:: Your assignment ::
Without the pictures, write the listing out again exactly as it appears.

◆ ◆ ◆

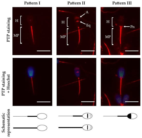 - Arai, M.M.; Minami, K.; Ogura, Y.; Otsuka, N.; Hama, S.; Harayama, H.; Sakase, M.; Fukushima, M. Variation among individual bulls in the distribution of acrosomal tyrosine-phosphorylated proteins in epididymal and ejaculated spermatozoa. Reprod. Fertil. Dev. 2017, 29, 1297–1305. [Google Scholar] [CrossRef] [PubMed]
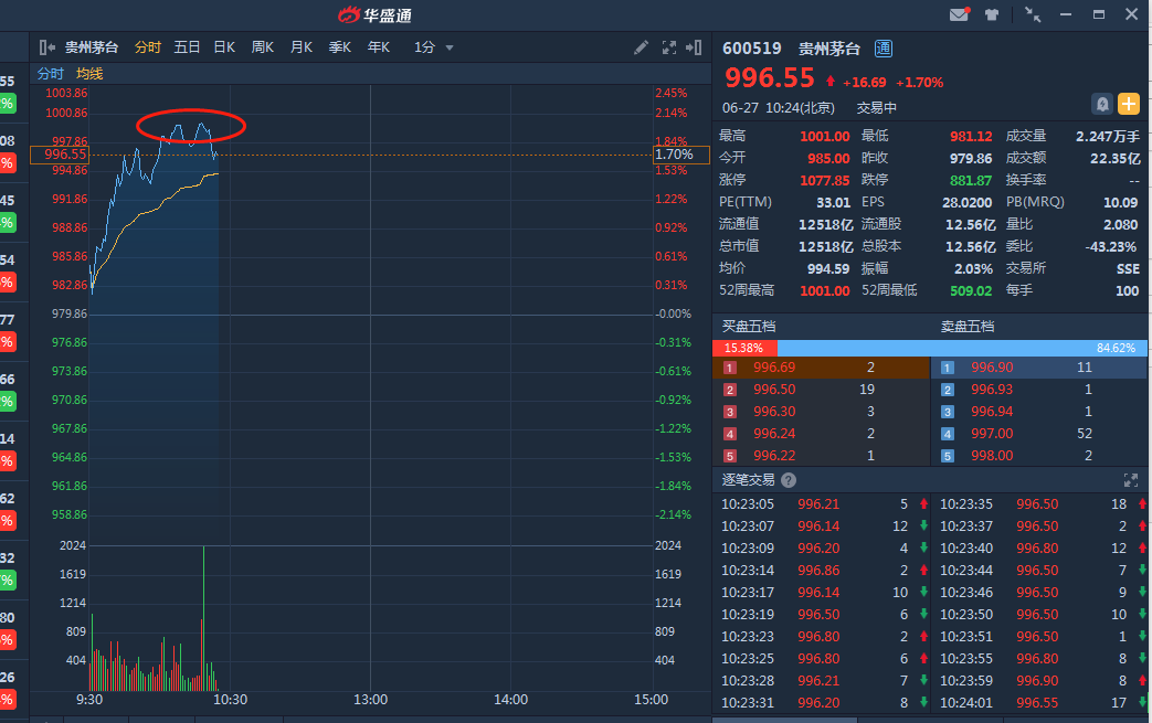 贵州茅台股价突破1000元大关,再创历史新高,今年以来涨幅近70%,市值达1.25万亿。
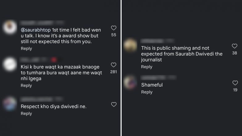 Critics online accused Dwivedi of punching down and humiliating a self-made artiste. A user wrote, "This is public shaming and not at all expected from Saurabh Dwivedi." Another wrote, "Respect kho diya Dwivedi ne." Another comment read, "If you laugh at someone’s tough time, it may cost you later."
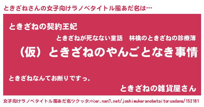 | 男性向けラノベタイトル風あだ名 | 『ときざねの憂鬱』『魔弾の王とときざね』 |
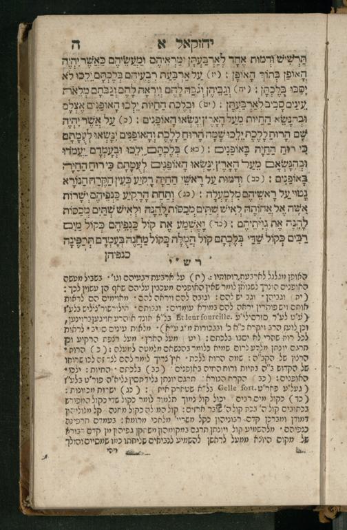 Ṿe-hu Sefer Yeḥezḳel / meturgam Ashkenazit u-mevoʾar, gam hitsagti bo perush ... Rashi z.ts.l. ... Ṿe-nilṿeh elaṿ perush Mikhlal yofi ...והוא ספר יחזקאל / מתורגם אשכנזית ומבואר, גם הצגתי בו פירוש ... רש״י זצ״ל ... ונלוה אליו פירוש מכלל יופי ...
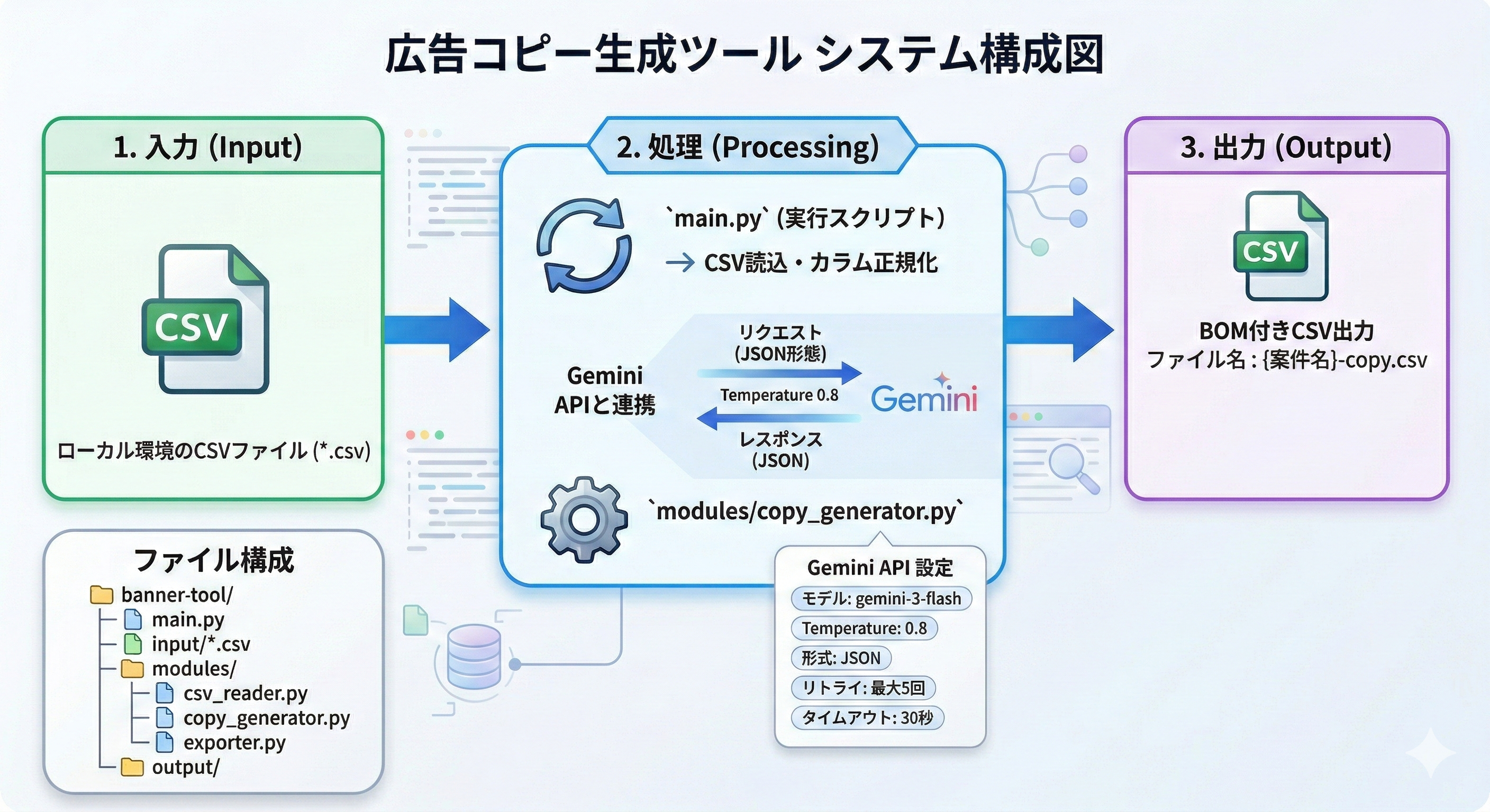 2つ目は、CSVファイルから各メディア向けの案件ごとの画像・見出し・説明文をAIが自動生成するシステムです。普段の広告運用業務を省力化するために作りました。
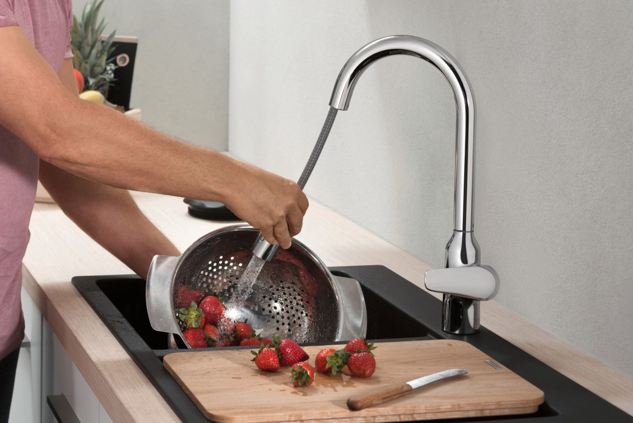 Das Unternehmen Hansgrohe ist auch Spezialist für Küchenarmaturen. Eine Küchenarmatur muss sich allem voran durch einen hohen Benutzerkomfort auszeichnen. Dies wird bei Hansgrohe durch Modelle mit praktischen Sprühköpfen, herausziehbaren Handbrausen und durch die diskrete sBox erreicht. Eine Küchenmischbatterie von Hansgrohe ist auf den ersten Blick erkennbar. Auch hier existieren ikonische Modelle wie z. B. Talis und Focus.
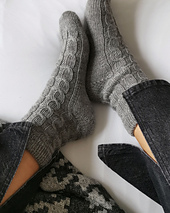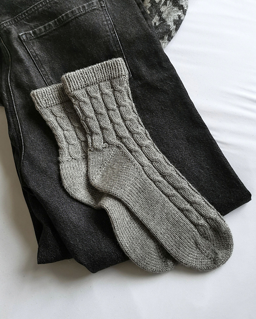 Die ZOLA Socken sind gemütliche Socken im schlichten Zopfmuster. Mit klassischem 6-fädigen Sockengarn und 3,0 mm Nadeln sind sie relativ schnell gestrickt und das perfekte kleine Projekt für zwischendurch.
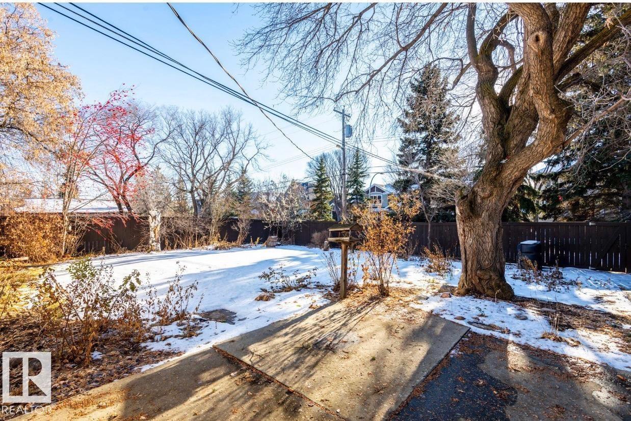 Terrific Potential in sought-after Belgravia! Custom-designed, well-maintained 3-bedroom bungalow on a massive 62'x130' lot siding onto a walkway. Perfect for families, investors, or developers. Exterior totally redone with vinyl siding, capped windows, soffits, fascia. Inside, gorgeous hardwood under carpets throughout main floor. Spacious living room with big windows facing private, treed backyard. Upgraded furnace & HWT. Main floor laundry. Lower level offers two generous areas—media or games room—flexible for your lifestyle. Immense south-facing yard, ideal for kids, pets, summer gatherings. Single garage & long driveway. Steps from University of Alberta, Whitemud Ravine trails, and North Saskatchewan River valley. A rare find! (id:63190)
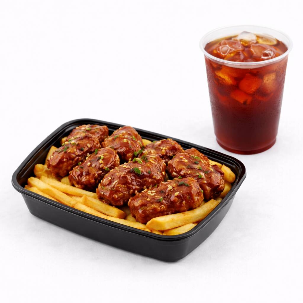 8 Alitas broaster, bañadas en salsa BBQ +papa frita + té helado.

◆ ◆ ◆

:: Answer area ::
 - Arai, M.M.; Minami, K.; Ogura, Y.; Otsuka, N.; Hama, S.; Harayama, H.; Sakase, M.; Fukushima, M. Variation among individual bulls in the distribution of acrosomal tyrosine-phosphorylated proteins in epididymal and ejaculated spermatozoa. Reprod. Fertil. Dev. 2017, 29, 1297–1305. [Google Scholar] [CrossRef] [PubMed]
 贵州茅台股价突破1000元大关,再创历史新高,今年以来涨幅近70%,市值达1.25万亿。
 Critics online accused Dwivedi of punching down and humiliating a self-made artiste. A user wrote, "This is public shaming and not at all expected from Saurabh Dwivedi." Another wrote, "Respect kho diya Dwivedi ne." Another comment read, "If you laugh at someone’s tough time, it may cost you later."
 | 男性向けラノベタイトル風あだ名 | 『ときざねの憂鬱』『魔弾の王とときざね』 |
 Ṿe-hu Sefer Yeḥezḳel / meturgam Ashkenazit u-mevoʾar, gam hitsagti bo perush ... Rashi z.ts.l. ... Ṿe-nilṿeh elaṿ perush Mikhlal yofi ...והוא ספר יחזקאל / מתורגם אשכנזית ומבואר, גם הצגתי בו פירוש ... רש״י זצ״ל ... ונלוה אליו פירוש מכלל יופי ...
 2つ目は、CSVファイルから各メディア向けの案件ごとの画像・見出し・説明文をAIが自動生成するシステムです。普段の広告運用業務を省力化するために作りました。
 Das Unternehmen Hansgrohe ist auch Spezialist für Küchenarmaturen. Eine Küchenarmatur muss sich allem voran durch einen hohen Benutzerkomfort auszeichnen. Dies wird bei Hansgrohe durch Modelle mit praktischen Sprühköpfen, herausziehbaren Handbrausen und durch die diskrete sBox erreicht. Eine Küchenmischbatterie von Hansgrohe ist auf den ersten Blick erkennbar. Auch hier existieren ikonische Modelle wie z. B. Talis und Focus.
 Die ZOLA Socken sind gemütliche Socken im schlichten Zopfmuster. Mit klassischem 6-fädigen Sockengarn und 3,0 mm Nadeln sind sie relativ schnell gestrickt und das perfekte kleine Projekt für zwischendurch.
 Terrific Potential in sought-after Belgravia! Custom-designed, well-maintained 3-bedroom bungalow on a massive 62'x130' lot siding onto a walkway. Perfect for families, investors, or developers. Exterior totally redone with vinyl siding, capped windows, soffits, fascia. Inside, gorgeous hardwood under carpets throughout main floor. Spacious living room with big windows facing private, treed backyard. Upgraded furnace & HWT. Main floor laundry. Lower level offers two generous areas—media or games room—flexible for your lifestyle. Immense south-facing yard, ideal for kids, pets, summer gatherings. Single garage & long driveway. Steps from University of Alberta, Whitemud Ravine trails, and North Saskatchewan River valley. A rare find! (id:63190)
 8 Alitas broaster, bañadas en salsa BBQ +papa frita + té helado.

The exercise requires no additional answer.